雀が話すとおり、ここの男女比率は7:3だ。だからこそ状況――風習は加速する。
「しかも女子は女子でも、貴族のこっわーい子女かムキムキでちょっと恋愛対象には……コホンッ!――そんなわけでっ!!」
雀はいつしか佐竹を追い抜かし先導していたのでわざわざ振り返って、ズビシッと音を出しそうな勢いの指を立てる。秋登は間近すぎてブレているそれを見ると曲げたくてたまらなくなった。

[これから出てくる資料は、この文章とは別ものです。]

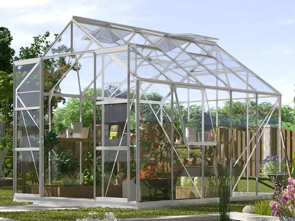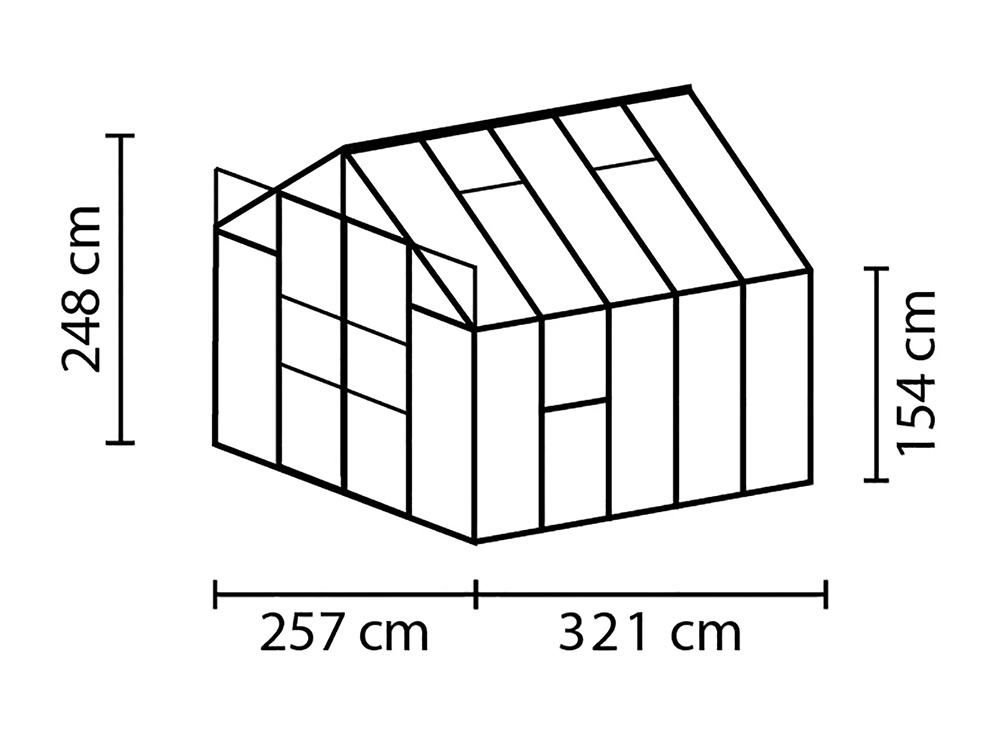De Jupiter heeft een indrukwekkende hoogte van 248 cm en een breedte van 257 cm. Een dakrandhoogte van 154 cm zorgt voor meer stahoogte en werkruimte. Extra stevigheid wordt bereikt door hoekplaten en verstevigingen in de volledige kas, waardoor je ze zonder zorgen zwaarder kunt belasten.

……こう、曲がらない方へえいっ!と。……しないけど、ウザイよな。
「崇拝対象・憧れが過ぎて擬似恋愛になったりすんだよねー。学校機関だし遊ぶのも満足に出来ないから、鬱憤溜まった奴らが新しい遊びかゲーム感覚でさぁ」
佐竹から白けた、いや突き刺さる氷の視線を感じたのか付け足す雀。
「っていっても美形2人並ぶと絵になるーとか。話しかけられた、キャッ嬉しい!程度だしぃ」
秋登は思考が危ないところに向いているな、と自覚する。イメージが“青春”的なドラマか映画しか思い浮かばない。感動、汗、涙、熱血……と単語が羅列する思考。ムサイな。
「じゃれあいで抱きつく、とかボティタッチが多めとかそんな感じか?」
雀の話し方が煩い。ついでに行動も。周囲から向けられる興味津々、好奇心旺盛な視線や大っぴらな誹謗中傷に交わされる噂、丸出しな悪意の視線。それが秋登を苛立たせる原因だった。
「そうそう、フレンドリィ系。男ばっかりの王様ゲームでキスしろって命令が出たーとか、女装命令されたーとか。そんな悪ふざけが横行する感じー」
「だから大丈夫ィ!!」と親指を立てられる。いや、指立てられても「折っていいですか」ぐらいの言葉しか出ない。
「……まあ、それぐらいなら、な。でもそれって恋愛なのか?」
雀は基本無視。佐竹に話しかける。
「うーん、何とも言えない、かな。殆ど冗談で言っているようなものだよ」
佐竹も乗ってきて雀が嘘泣きをする。まあ名に因んだ行動なのだろう。ピーチクパーチクと五月蝿い。ちっちゃいし。いや、それでは蝿か。
「まあ、仕方ない。こればっかりは諦めるしかないよ」
あはは、と苦笑で返されて苦笑で返す。
「で、アイツはどうなんだよ。そんなフレンドリィとかじゃないんだが?」
話が一段落したところで再び視線をやれば、山戸 創がいる。美形が怒ると怖いというけれど、アレは怒っているわけでもないのに顔が怖い。話を聞かれていたわけじゃないだろう。単に転入生は“秋登”なのか、と疑っているだけで、ここの恋愛事情とは全く関係ない。
……ああ。昔の“俺ら”ならば、ここではそう見られたのかもしれない。